A ‘well-fitting’ model does not always mean a ‘meaningful’ model for application. In syndromic surveillance practices, a ‘meaningful’ aberration detection model is useful if it allows detection of the aberration and distinguishes a true outbreak signal from a large amount of data in a timely manner. Therefore, to demonstrate the performance of the early warning ability of the zero-inflated mixed effects model, we employed the Early Aberration Reporting System (EARS, http://www.bt.cdc.gov/surveillance/ears) [Reference Fang24–Reference Hagen26] to retrospectively compare the two-data series based on the real cluster events.

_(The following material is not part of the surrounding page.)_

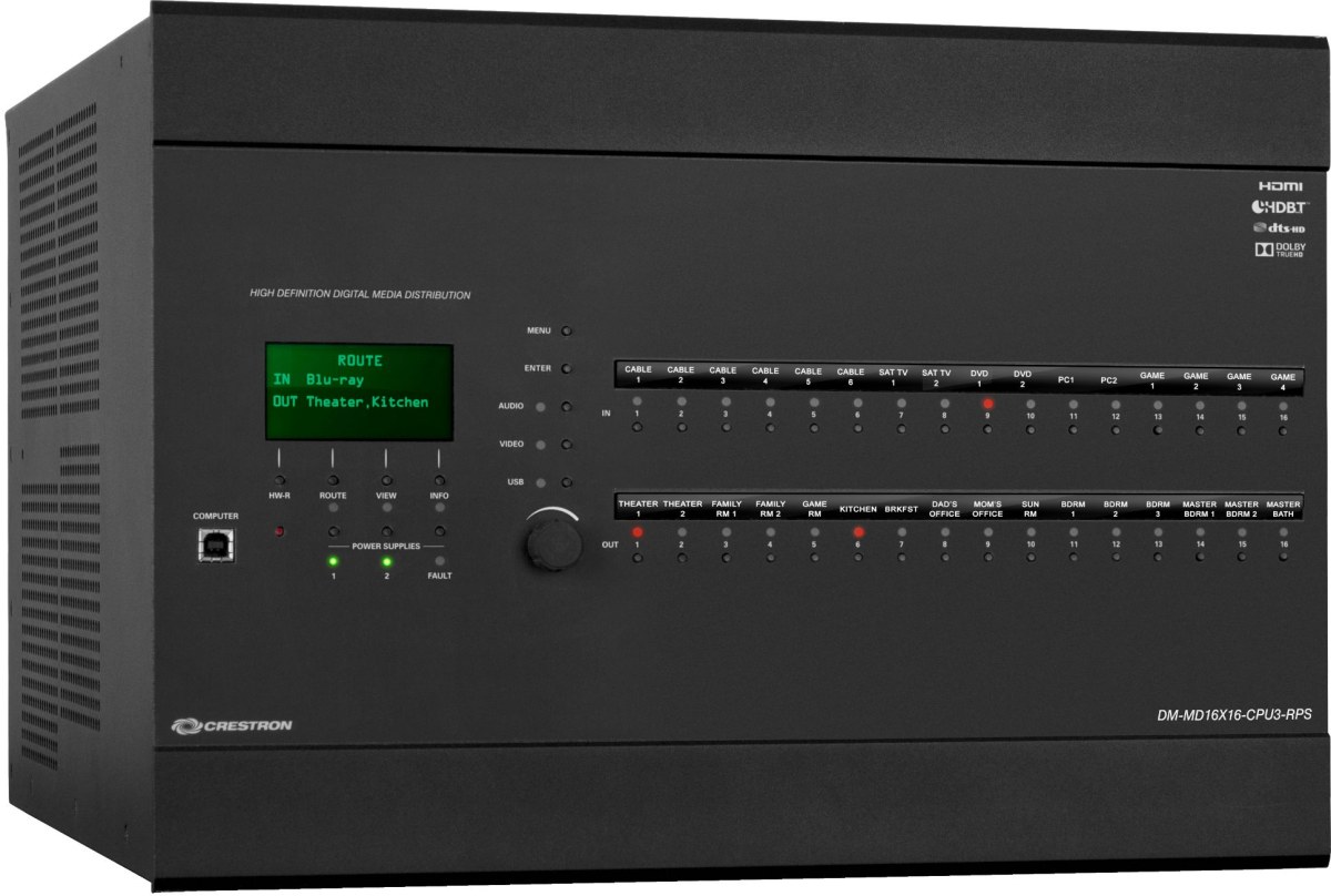 The DM-MD16X16-CPU3-RPS provides full support for Crestron DigitalMedia 8G+ devices as well as first-generation DM CAT and DM Fiber products, letting you take advantage of the latest Crestron DigitalMedia 8G+ technology.

All cluster events were detected and confirmed by the ISSC during the same period. The EARS system has three syndromic surveillance algorithms named as ‘C1’, ‘C2’ and ‘C3’, which require little or no prior data as a baseline. The baseline of C1 is the seven time points before the assessed time point. C2 is similar to C1 apart from a 2-day lag in the baseline definition. Both C1 and C2 can be considered Shewhart control charts and the thresholds are set at 3. C3 is quite different from the two other methods although it is based on C2. In C3, the expected value is based on the sum over three time points (the assessed time points and the two previous time points). The cumulative sum of the positive differences is similar to that of a CUSUM method. An alarm is raised if C3 exceeds 2.

All data analyses were performed using the NLMIXED procedure in the SASv9.3 (SAS Institute, Cary, North Carolina) and STATA (Version 14, StataCorp, College Station, Texas) software. EARS-3C was implemented using Microsoft Excel. All corresponding codes are available from the authors.